Thirty-one percent of teachers responding to the NSTA Express survey said they feel pressured to include creationism, intelligent design, or other nonscientific alternatives to evolution in the science classroom. Teachers indicated most of the pressure comes from students (22%) and parents (20%). 30% of the respondents agreed they feel pushed to de-emphasize or omit evolution or evolution-related topics from their curriculum, indicating the most pressure is coming from students and parents. Very few respondents indicated they felt pressured to include creationism by administrators or principals (5% and 3% respectively).
To read the press release on the survey results, go to http://science.nsta.org/nstaexpress/nstaexpress_2005_03_28_pressrelease.htm. Thanks to the 1,050 NSTA Express readers who took the survey.

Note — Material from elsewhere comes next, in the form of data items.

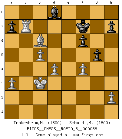 Last move : 1-0 2008 April 10 20:49:28 [Event "FICGS__CHESS__RAPID_B__000086"] [Site "FICGS"] [Date "2008.03.11"] [Round "1"] [White "Trokenheim,Marek"] [Black "Schmidt,Michael Wilhelm"] [Result "1-0"] [WhiteElo "1800"] [BlackElo "1800"] 1.b4 e5 2.Bb2 Bxb4 3.f4 d6 4.a3 Bc5 5.fxe5 dxe5 6.Bxe5 f6 7.Bc3 Bg4 8.Nf3 Ne7 9.e3 Nd5 10.Bb2 O-O 11.c4 Nb6 12.d4 Be7 13.c5 Nd5 14.Qb3 c6 15.e4 Bxf3 16.gxf3 Kh8 17.exd5 Qxd5 18.Qxd5 cxd5 19.Nc3 Rd8 20.O-O-O Nc6 21.f4 Na5 22.Bg2 Nc4 23.Nxd5 Re8 24.Nc7 Nxb2 25.Kxb2 Rab8 26.Nxe8 Rxe8 27.Rhe1 Kg8 28.Bxb7 Kf8 29.Rb1 Bd8 30.Rxe8+ Kxe8 31.Bc6+ Kf7 32.Kc3 g5 33.Rb7+ 1-0 Polish (Sokolsky) opening Kingside Castling by player Black (move 10) Queenside Castling by player White (move 20) Player White won this chess game. Follow this game move after move (download)The boy (then a 12 year old boy named Anatoly Karpov) doesn't have a clue about Chess, and there's no future at all for him in this profession. (Mikhail Botvinnik) Bis jetzt ist Weiß einer wohlbekannten Analyse gefolgt. Aber jetzt begeht er einen schrecklichen Fehler: Er beginnt seinen eigenen Kopf zu benutzen. (Siegbert Tarrasch) Prefiero perder una partida realmente buena, que ganar una mala. (David Levy) Vous savez, camarade Pachman, je n'éprouve pas de plaisir à être ministre, je jouerais plutôt aux échecs comme vous, ou alors ferais une révolution au Venezuela. (Che Guevara à Ludek Pachman, 'Checkmate in Prague', 1975) I find your interest interesting. (Gregory House, House M.D.)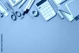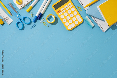 Flat lay of school supplies including calculator, scissors, and notebooks on a blue background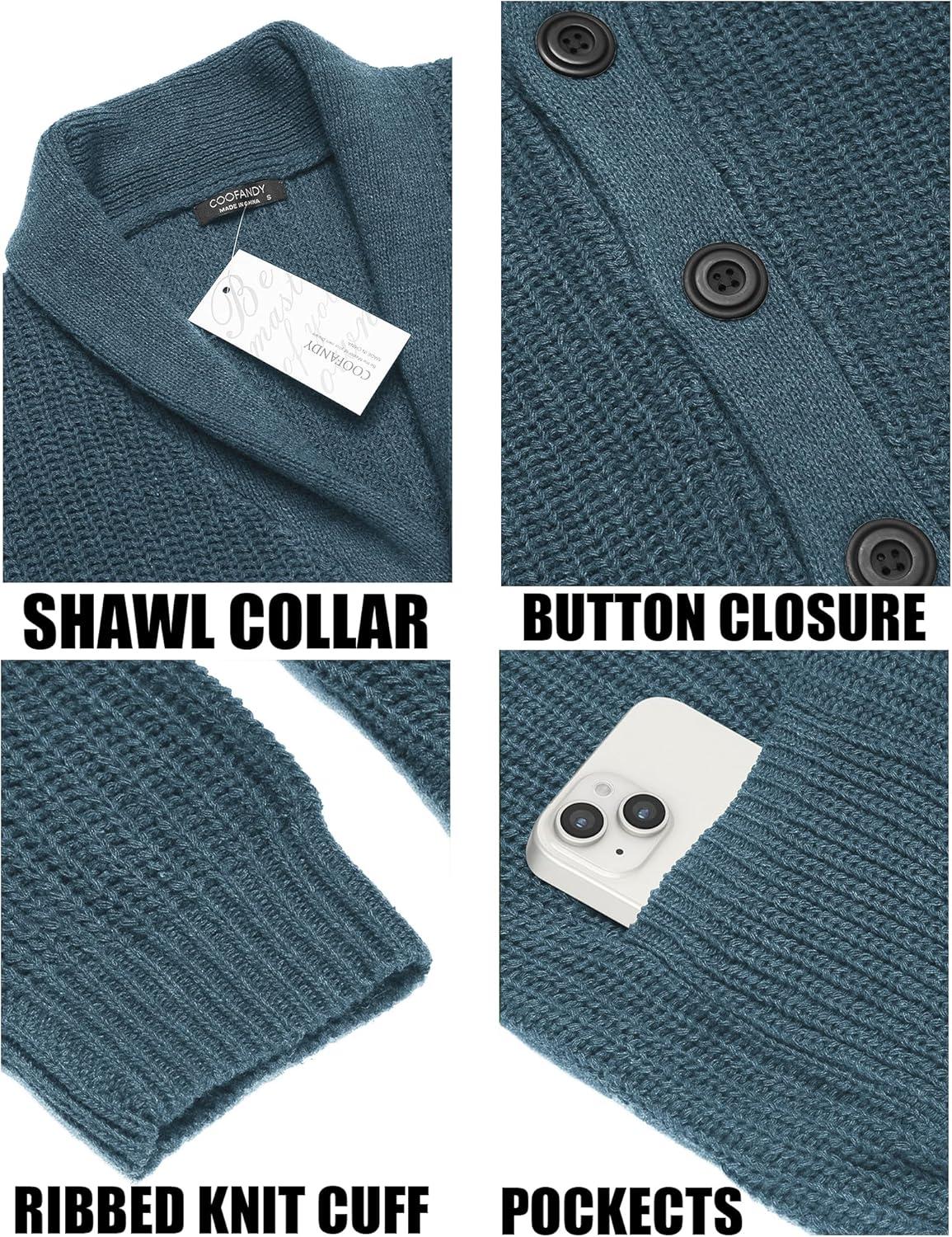 Don’t miss out on our limited-time offer: buy COOFANDY Men’s Shawl Collar Cardigan Sweater Slim Fit Cable Knit Button up Sweater with Pockets(Blue Heather), get a free {accessory}!

We need to know about these attitudes, and the PBS show was useful in illustrating them. But we also need to stop this slow drift into the Dark Ages, and what I find appalling is that journalists don't address the consequences. "Oh, here's a bunch of students who want to ignore science, and here's some teachers who think this is terrible, and here's an evangelist who says this is wonderful. End of story." Come on. Think. When scientists and science teachers are overwhelmingly concerned about the poor state of science education and the understanding of science by our students, you don't make the problem go away by interviewing some quack bible-thumper. You don't help us understand the problem by bestowing authority on one of the causes of the problem.
You know what would be a good example of reporting? Compare science test scores internationally, and show that we have a looming problem. Ask qualified people, like professional biologists, what they consider essential knowledge for someone entering their discipline. Get a scientist to sit down with a journalist and leaf through the journals, and get across just how much research is dependent on this theory. Then show all those soundbites of our kids turning their backs on good science. If you must show Ken Ham (for comic effect, perhaps), follow up with a real scientist explaining how everything he said was goofy nonsense, like science learned from The Flintstones.
But please…pretending that this is a contest between two opinions of equal merit plays directly into the hands of the worst of the opinions. It turns journalism into a race for the bottom.


"I believe that God also made us. I just think it's a lot easier to believe then the big bang theory [er, sic?], or any of the other theories about apes."
Well, even accounting for selection bias in the reporting, that pretty much sums it up, doesn't it? We're turning out children who understand not science, nor philosophy, nor, let's be clear, religion (somehow I doubt that these kids have been told about how competing Elohist and Yahwist sources in the Old Testament are responsible for the differing creation stories in Genesis). And the postmodern right is busy telling them, fact be damned, your intuition is right.
(Ironically, the confirmation word for this post is 'soviet.' Synchronicity?)